__DATA FOR PROCESSING__
[Start of section]

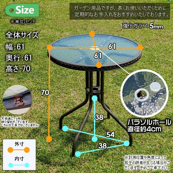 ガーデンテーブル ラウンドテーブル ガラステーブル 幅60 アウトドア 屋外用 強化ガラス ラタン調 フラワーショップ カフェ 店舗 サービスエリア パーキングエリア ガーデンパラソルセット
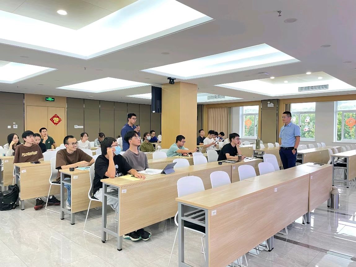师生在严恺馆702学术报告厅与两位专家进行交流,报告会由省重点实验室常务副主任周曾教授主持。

[End of section]
[Start of section]

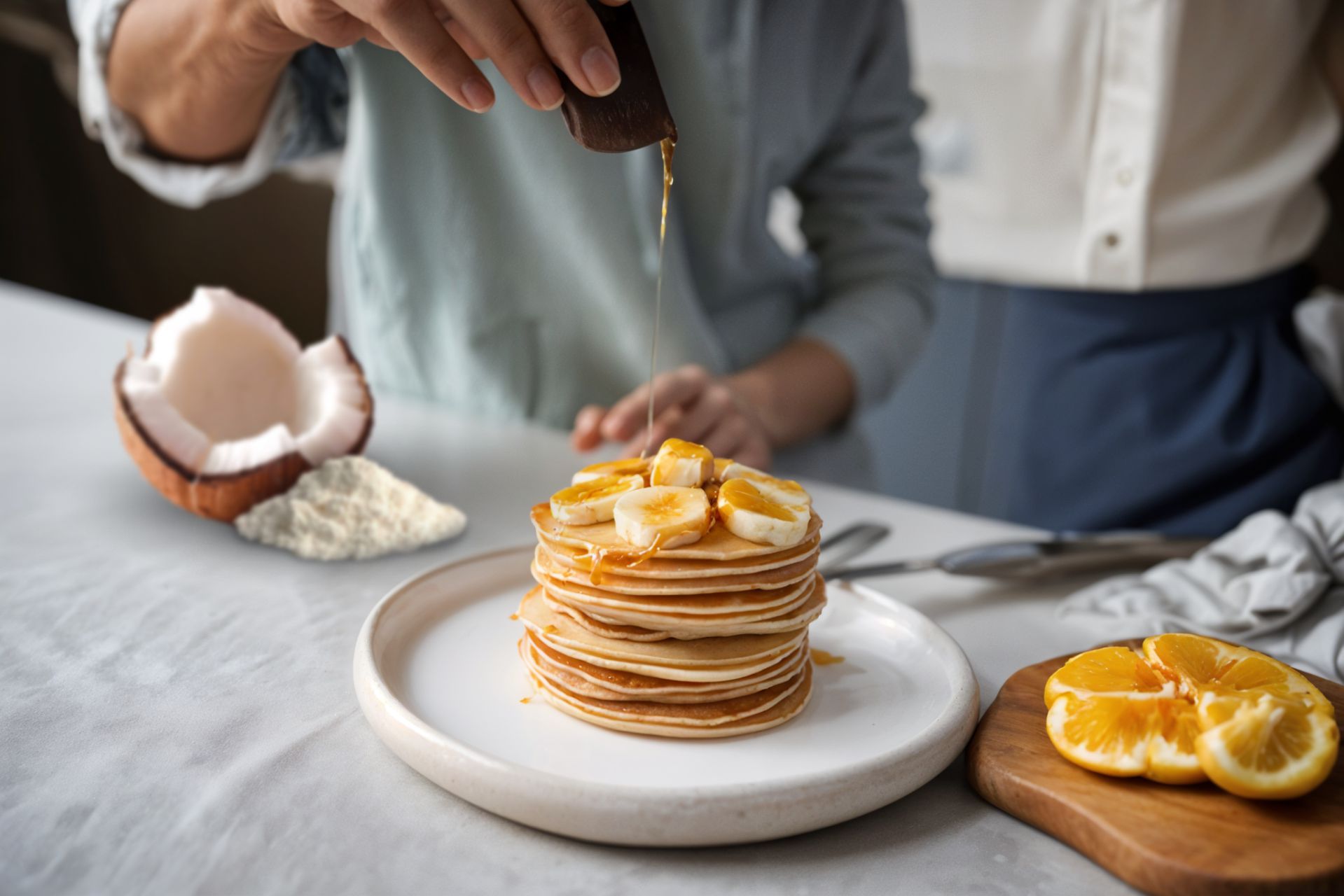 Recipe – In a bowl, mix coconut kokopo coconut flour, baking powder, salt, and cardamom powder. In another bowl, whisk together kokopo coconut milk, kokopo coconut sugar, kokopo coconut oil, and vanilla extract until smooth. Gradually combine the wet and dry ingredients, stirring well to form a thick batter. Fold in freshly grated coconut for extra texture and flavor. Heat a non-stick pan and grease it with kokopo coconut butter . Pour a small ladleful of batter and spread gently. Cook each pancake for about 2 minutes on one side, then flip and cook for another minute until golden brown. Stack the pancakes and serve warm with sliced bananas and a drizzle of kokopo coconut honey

[End of section]

__HOW TO COMPLETE THIS TASK__
Output exactly, and only, the lines of the entries above from the one with "ガーデンテーブル ラウンドテーブル ガラステーブル" up to and including the one with "师生在严恺馆702学术报告厅"; pictures are to be left out.

__YOUR SOLUTION__
 ガーデンテーブル ラウンドテーブル ガラステーブル 幅60 アウトドア 屋外用 強化ガラス ラタン調 フラワーショップ カフェ 店舗 サービスエリア パーキングエリア ガーデンパラソルセット
师生在严恺馆702学术报告厅与两位专家进行交流,报告会由省重点实验室常务副主任周曾教授主持。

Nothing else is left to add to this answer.